E’ bene riprendere brevemente la storia di questa figura. Il ministro dell’epoca, Ronchi, stabilì nel 1998 che ogni organizzazione con più di 800 dipendenti, o con unità operative superiori ai 300 dipendenti, dovesse individuare un responsabile della mobilità aziendale. Il decreto introduceva anche la figura del mobility manager d’area che avrebbe avuto un ruolo − presso i comuni, le provincie e le regioni − di promozione, di formazione e di coordinamento tra le aziende e amministrazioni pubbliche.
L’idea di fondo di chi introdusse questa figura, sulla base di esperienze estere, era di agire sul fronte del governo della domanda di mobilità senza intervenire sul lato dell’offerta (come per esempio la costruzione di nuove strade o la realizzazione di nuove linee di trasporto pubblico). Gli spostamenti casa-lavoro (così come quelli casa-studio) sono cosiddetti “sistematici” perché sono programmabili e costanti per gran parte dell’anno quindi hanno buona possibilità di trovare soluzioni diverse dall’auto privata.
Successivamente il Collegato ambientale alla Legge di stabilità 2016 (L 221/15) ha introdotto il mobility manager scolastico e il decreto Clima 2019 ha impegnato tutte le pubbliche amministrazioni ad agire in conformità al raggiungimento degli obiettivi di contrasto ai cambiamenti climatici e al miglioramento della qualità dell’aria.2
L’obiettivo del mobility manager è quindi favorire il cosiddetto “split modale”: ridurre la percentuale d’uso individuale dell’auto in favore di altre soluzioni.
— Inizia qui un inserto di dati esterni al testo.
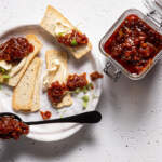 2. Remove the bay leaf. Using gloves, carefully remove the bones and cartilage from the meat. Chop the meat into small chunks and combine with a small amount of the cooking liquid and the dill. Line a 20 cm loaf tin with clingwrap, then tightly pack the meat into the tin and cover. Chill overnight. Once set, slice thinly and serve with the hot vetkoek, pickles and mustard.
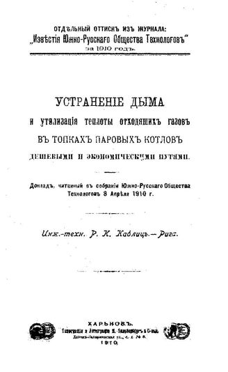 Каблиц Р.К. Устранение дыма и утилизация теплоты отходящих газов в топках паровых котлов дешевыми и экономическими путями : доклад,читан. в собрании Южно-Рус. о-ва технологов 8 апр. 1910 г. / Р. К. Каблиц, 1910. - 45 с.

LA PRASSI E L’EFFICACIA DEL MOBILITY MANAGER DI ENTE E DI AZIENDA
Il mobility manager è l’interfaccia tra i vertici dell’azienda e i lavoratori, deve analizzare la mobilità di questi ultimi redigendo un piano degli spostamenti casa-lavoro, programmando di conseguenza gli interventi, cercando di disincentivare l’uso del mezzo privato del singolo dipendente in favore di soluzioni di trasporto collettivo o dell’uso della bicicletta o di forme di condivisione dei mezzi di trasporto (carsharing e carpooling).
All’epoca della sua introduzione non esistevano né soluzioni di mobilità “smart” e condivisa né un’adeguata sensibilità dell’opinione pubblica e di aziende e pubbliche amministrazioni.
Questa figura ha avuto una vita travagliata tra l’obbligo derivato da un tipo di norma priva di incentivo/risorsa e di sanzione, dato alle aziende private e agli enti pubblici. Per loro natura il traffico e l’inquinamento infatti sono classiche esternalità negative che è difficile imputare a chi le produce anche se i suoi effetti ambientali, sociali ed economici sono ormai noti. È il settore dove è necessario un ruolo del soggetto pubblico di coordinamento, di stimolo, di prevenzione che fino ad oggi è mancato.
Il legislatore è intervenuto successivamente negli ultimi anni per introdurre questa figura nelle scuole con il “mobility managment scolastico” e riducendo significativamente la soglia minima delle unità utili di personale per la nomina da parte di imprese e pubblica amministrazione, nel recente “Decreto Rilancio” abbassandola a quota 100 dipendenti.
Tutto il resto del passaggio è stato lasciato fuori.